Elizabeth Corwin PhD, RN, FAANEmory University's Nell Hodgson Woodruff School of Nursing has received a five-year, $2.5 million grant from the National Institutes of Health (NIH) to establish the Center for the Study of Symptom Science, Metabolomics and Multiple Chronic Conditions.

The goal of the nurse-led center is to better understand the mechanisms underlying the symptoms of fatigue, depression, and anxiety that often accompany multiple chronic conditions such as diabetes, HIV/AIDS, depression, and hypertension, among African-American men and women. This goal is based on past studies that show African-Americans are more susceptible to living with multiple chronic conditions (MCC), which can be related to stress, diet and limited access to health care.

Dr. Elizabeth Corwin, PhD, RN, FAAN, is leading the formation of the center. She reports the long-term aim of the center is to improve clinical treatment approaches for African-American men and women living with MCC. This includes creating treatment plans that can provide care in a more targeted and effective manner.

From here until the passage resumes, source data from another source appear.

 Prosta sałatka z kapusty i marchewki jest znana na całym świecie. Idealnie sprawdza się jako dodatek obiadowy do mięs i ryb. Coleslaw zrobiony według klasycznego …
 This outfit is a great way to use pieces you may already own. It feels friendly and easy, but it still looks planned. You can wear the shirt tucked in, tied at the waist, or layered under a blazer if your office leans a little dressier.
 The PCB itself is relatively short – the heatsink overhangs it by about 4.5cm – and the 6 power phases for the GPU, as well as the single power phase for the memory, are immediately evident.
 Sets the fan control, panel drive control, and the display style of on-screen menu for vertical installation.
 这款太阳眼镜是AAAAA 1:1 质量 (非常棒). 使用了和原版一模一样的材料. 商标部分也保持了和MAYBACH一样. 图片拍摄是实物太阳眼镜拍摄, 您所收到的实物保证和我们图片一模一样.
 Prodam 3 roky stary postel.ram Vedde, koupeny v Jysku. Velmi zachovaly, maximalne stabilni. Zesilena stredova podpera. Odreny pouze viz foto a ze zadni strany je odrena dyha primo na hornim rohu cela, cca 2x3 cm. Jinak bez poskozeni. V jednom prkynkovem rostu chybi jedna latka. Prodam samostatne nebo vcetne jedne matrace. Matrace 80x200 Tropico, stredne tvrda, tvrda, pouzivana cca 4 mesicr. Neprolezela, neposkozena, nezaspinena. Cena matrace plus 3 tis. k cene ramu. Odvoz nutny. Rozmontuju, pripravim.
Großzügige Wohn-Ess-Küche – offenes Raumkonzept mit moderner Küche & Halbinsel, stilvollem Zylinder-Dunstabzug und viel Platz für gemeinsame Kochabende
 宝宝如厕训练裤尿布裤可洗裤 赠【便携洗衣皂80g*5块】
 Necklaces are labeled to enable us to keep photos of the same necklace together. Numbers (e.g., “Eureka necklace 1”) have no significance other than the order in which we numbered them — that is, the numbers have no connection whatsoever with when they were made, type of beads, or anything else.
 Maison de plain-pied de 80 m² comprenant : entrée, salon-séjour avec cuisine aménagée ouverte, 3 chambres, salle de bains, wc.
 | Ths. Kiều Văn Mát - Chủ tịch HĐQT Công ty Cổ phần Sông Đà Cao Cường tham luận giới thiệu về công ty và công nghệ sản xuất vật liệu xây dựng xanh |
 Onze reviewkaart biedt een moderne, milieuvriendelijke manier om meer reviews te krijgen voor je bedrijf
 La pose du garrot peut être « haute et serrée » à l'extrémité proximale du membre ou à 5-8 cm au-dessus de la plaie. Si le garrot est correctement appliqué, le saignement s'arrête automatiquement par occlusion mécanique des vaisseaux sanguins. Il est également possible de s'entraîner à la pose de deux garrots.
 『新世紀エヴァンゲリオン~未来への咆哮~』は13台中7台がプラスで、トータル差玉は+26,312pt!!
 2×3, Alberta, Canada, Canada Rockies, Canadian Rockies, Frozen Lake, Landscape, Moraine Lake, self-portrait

“Until you understand the underlying mechanisms by which multiple chronic conditions associate with worsening symptom development, it’s difficult to develop care that is specific to relieving symptoms in individual patients,” says Corwin. “Attaining this kind of precision care is a hallmark motivator of nurse-led research.”

School of Nursing faculty collaborating with Corwin on the new center include Dr. Jessica Wells, PhD, RN and Glenna Brewster, PhD, MA, MS, as the Pilot Investigators, and Drs. Mi-Kyung Song, PhD, RN, FAAN, Sandra Dunbar, PhD, RN, FAAN, FAHA, FPCNA, Drenna Waldrop-Valverde, PhD, Dr. Vicki Hertzberg, PhD, FASA and Marcia Holstad, PhD, FNP-BC, FAANP, FAAN as leaders of the center cores.